Today at NWAV in Toronto, I ran out of time, but presented most of this presentation. This is not Powerpoint slides, but a Shiny app, which contains an interactive Overlap Simulator and an ANAE Explorer for the low back vowels. I think that interactive apps like this can be very useful as part of presentations and even publications, as we move away from the model of the traditional paper journal. The R/Shiny code that makes up the app is here and here, but please note that this was my first time trying to write this kind of code! Included in the code are functions for the Pillai score, the Bhattacharyya affinity, and the "Closest Centroid Correct" measure discussed in the text.

To summarize my talk, the popular Pillai score -- as noted by Nycz & Hall-Lew -- is not really a measure of the overlap of two clouds of points, such as vowel tokens from two different word classes.

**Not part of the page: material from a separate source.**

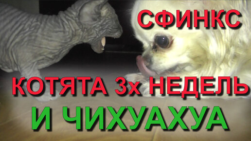 ✅ Реакция новорожденных котят на собаку! Котята сфинкс и чихуахуа. Наши питомцы. kitten and dog

Pillai (a parametric statistic making several assumptions about the data) is more similar to an R-squared measurement, asking what proportion of the total variability in the data is "explained" by the difference (in means) between the two categories. Even when two clouds are clearly non-overlapping, there is still residual variation in each cloud, which means that Pillai will not come out as 1. On the other hand, if the means of the two groups are equal, Pillai will always come out as 0, even if the clouds have different shapes and are not technically showing complete overlap. Finally, Pillai is sensitive to imbalance in token numbers between word classes. If one class has more data than the other, Pillai suggests that there is more overlap than if the number of tokens were equal.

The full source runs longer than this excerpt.